Kiss will also go out having left a big impression on the music industry. Once criticised for finding a way to merchandise everything from coffins to paid meet and greets, they’re now seen as the band who wrote the blueprint for finding new financial streams beyond album and ticket sales.
They’re a band that achieved pretty much everything possible and Stanley can see their legacy all around.
“There’s not a rock show out there, or a rap show, or any live show you see without some Kiss DNA in it. We were the wake up call to audiences of what they should expect and not tolerate less than. We are still fans of Kiss and we are Kiss.”

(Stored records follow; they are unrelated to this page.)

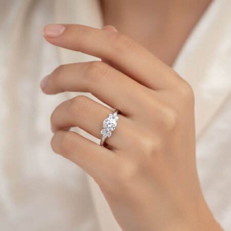 SKU: RE16063ct Round Lab Grown Diamond Engagement Ring, IGI Certified, 14K Gold, E-F/VS1, Floral Marquise Accents
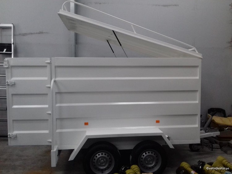 tem duas portas traseiras e monta cargas no tejadilho ( reboque de caixa fechada )
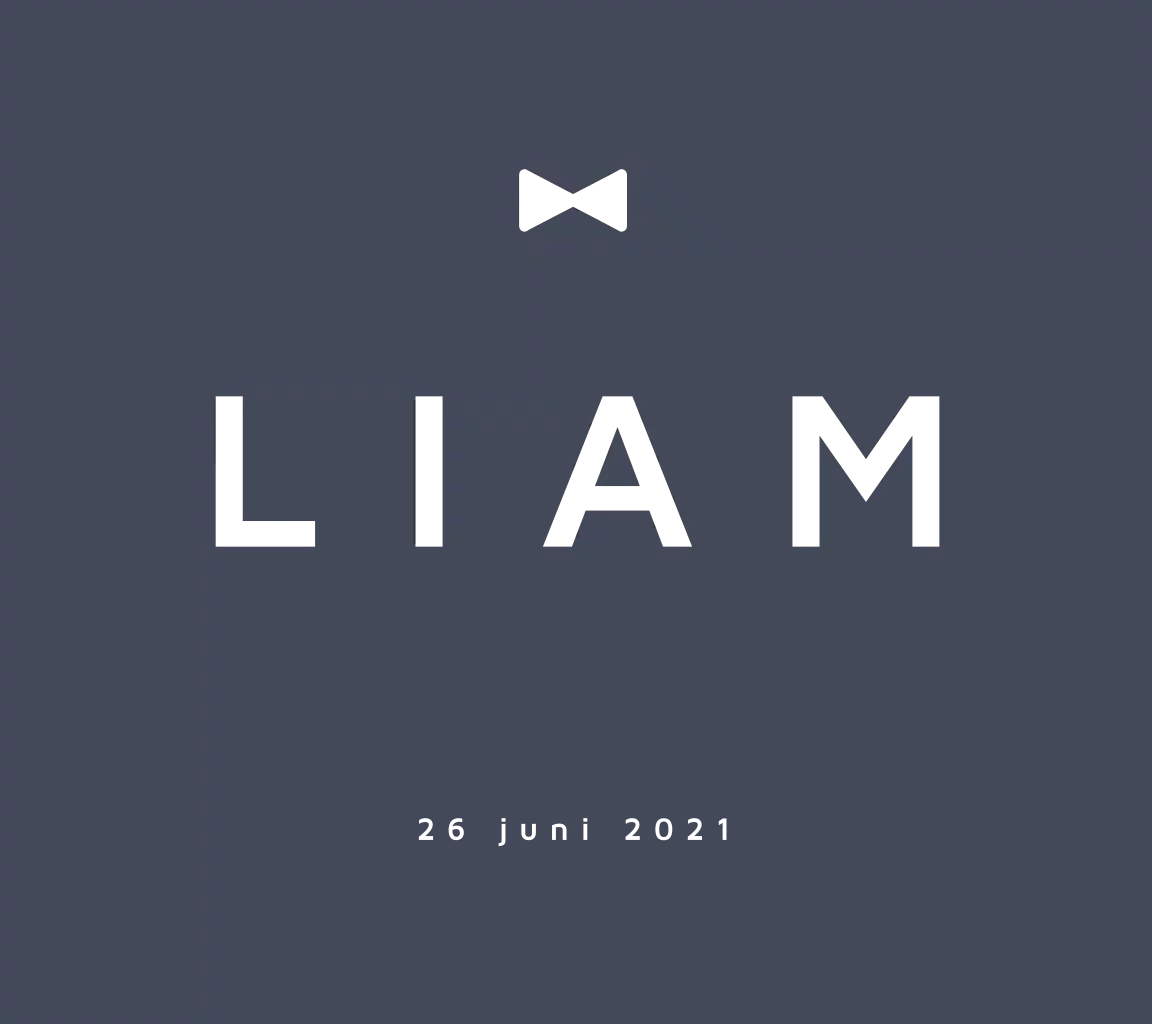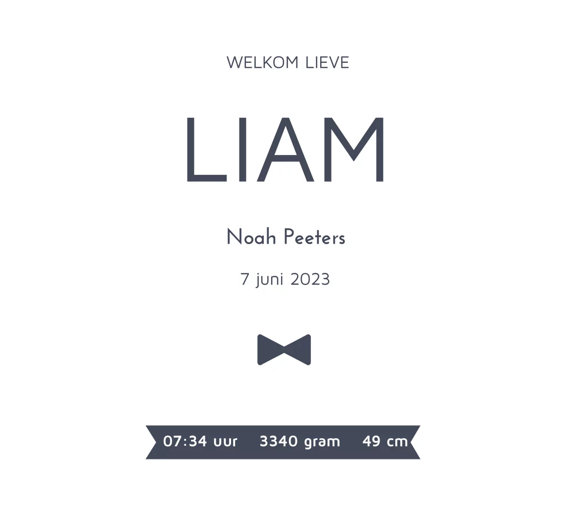 Formaat voor onze Belgische klanten. Strak donkerblauw ontwerp met strik en naam in écht goudfolie. Koper- en zilverfolie zijn ook mogelijk.

While they’ve prepared themselves musically and visually, is Simmons emotionally prepared for that final show — for which they’ve already pencilled in Rock and Roll All Nite as the last song they’ll ever play?
“The term ‘bittersweet’ comes to mind,” he says. “I’m so grateful for everything I’ve been given and everything I’ve shared. I see this as a celebration. It probably won’t sink in for quite a while that it’s over. That being said it’s a time of joy and defiance if you will, celebrating that we’ve always, for better or worse, done it our way, unapologetically. We’ve stood by our victories and brushed ourselves off in defeat. We were and remain the band we always wanted to see. That’s what we’re going out as, the band we always wanted to see.”